Directions for this task ▸ If a record holds a picture, leave the picture out and repeat everything else exactly.

────────────────────────────────────────

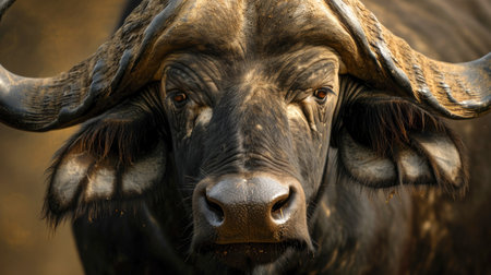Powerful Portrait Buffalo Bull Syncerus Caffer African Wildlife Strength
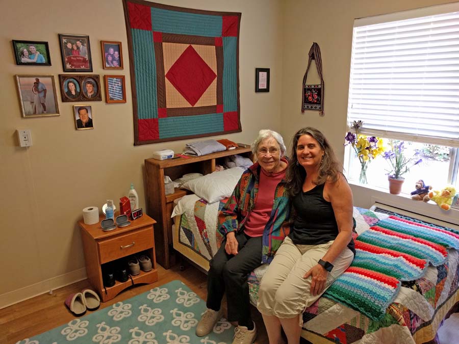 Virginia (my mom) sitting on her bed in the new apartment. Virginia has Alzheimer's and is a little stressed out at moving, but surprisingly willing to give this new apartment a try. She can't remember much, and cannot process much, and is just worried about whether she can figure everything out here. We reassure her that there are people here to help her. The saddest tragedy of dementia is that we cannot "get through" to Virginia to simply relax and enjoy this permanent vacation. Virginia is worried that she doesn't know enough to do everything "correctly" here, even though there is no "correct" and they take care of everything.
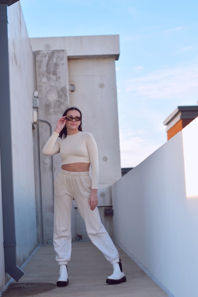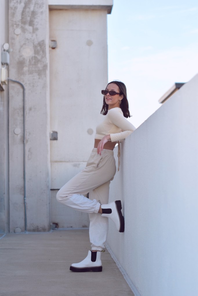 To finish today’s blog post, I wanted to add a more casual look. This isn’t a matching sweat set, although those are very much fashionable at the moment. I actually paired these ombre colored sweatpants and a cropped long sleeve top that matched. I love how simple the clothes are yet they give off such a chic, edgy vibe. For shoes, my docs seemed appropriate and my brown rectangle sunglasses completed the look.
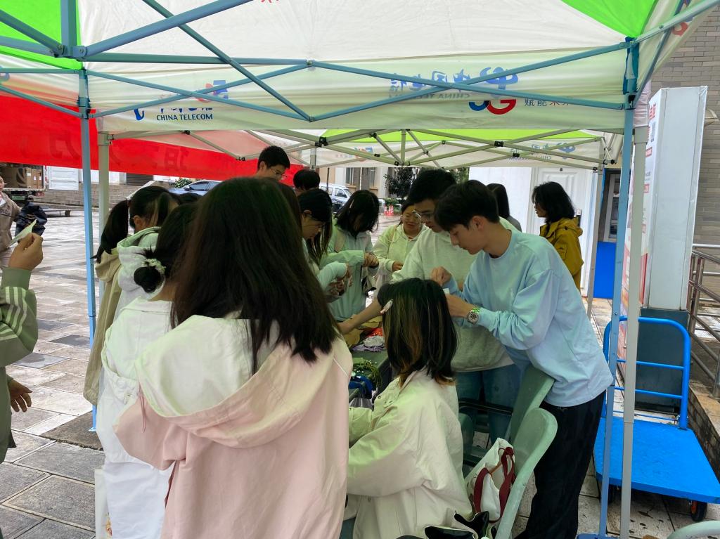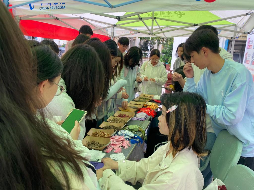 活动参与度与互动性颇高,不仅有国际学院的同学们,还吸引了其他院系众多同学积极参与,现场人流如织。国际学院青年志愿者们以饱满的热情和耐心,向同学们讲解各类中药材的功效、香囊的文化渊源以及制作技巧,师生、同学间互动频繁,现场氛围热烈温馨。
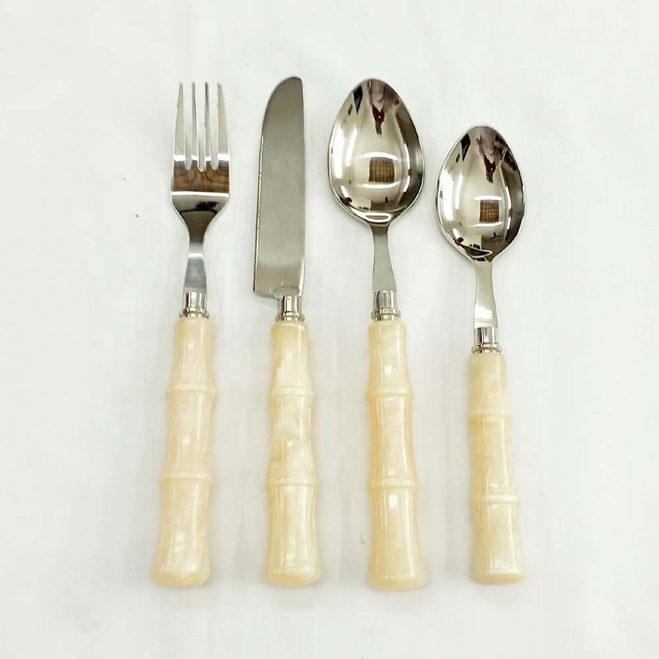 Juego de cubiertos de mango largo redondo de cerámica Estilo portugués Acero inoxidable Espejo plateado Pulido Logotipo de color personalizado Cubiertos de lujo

────────────────────────────────────────

Response for this exercise ▸
Powerful Portrait Buffalo Bull Syncerus Caffer African Wildlife Strength
 Virginia (my mom) sitting on her bed in the new apartment. Virginia has Alzheimer's and is a little stressed out at moving, but surprisingly willing to give this new apartment a try. She can't remember much, and cannot process much, and is just worried about whether she can figure everything out here. We reassure her that there are people here to help her. The saddest tragedy of dementia is that we cannot "get through" to Virginia to simply relax and enjoy this permanent vacation. Virginia is worried that she doesn't know enough to do everything "correctly" here, even though there is no "correct" and they take care of everything.
 To finish today’s blog post, I wanted to add a more casual look. This isn’t a matching sweat set, although those are very much fashionable at the moment. I actually paired these ombre colored sweatpants and a cropped long sleeve top that matched. I love how simple the clothes are yet they give off such a chic, edgy vibe. For shoes, my docs seemed appropriate and my brown rectangle sunglasses completed the look.
 活动参与度与互动性颇高,不仅有国际学院的同学们,还吸引了其他院系众多同学积极参与,现场人流如织。国际学院青年志愿者们以饱满的热情和耐心,向同学们讲解各类中药材的功效、香囊的文化渊源以及制作技巧,师生、同学间互动频繁,现场氛围热烈温馨。
 Juego de cubiertos de mango largo redondo de cerámica Estilo portugués Acero inoxidable Espejo plateado Pulido Logotipo de color personalizado Cubiertos de lujo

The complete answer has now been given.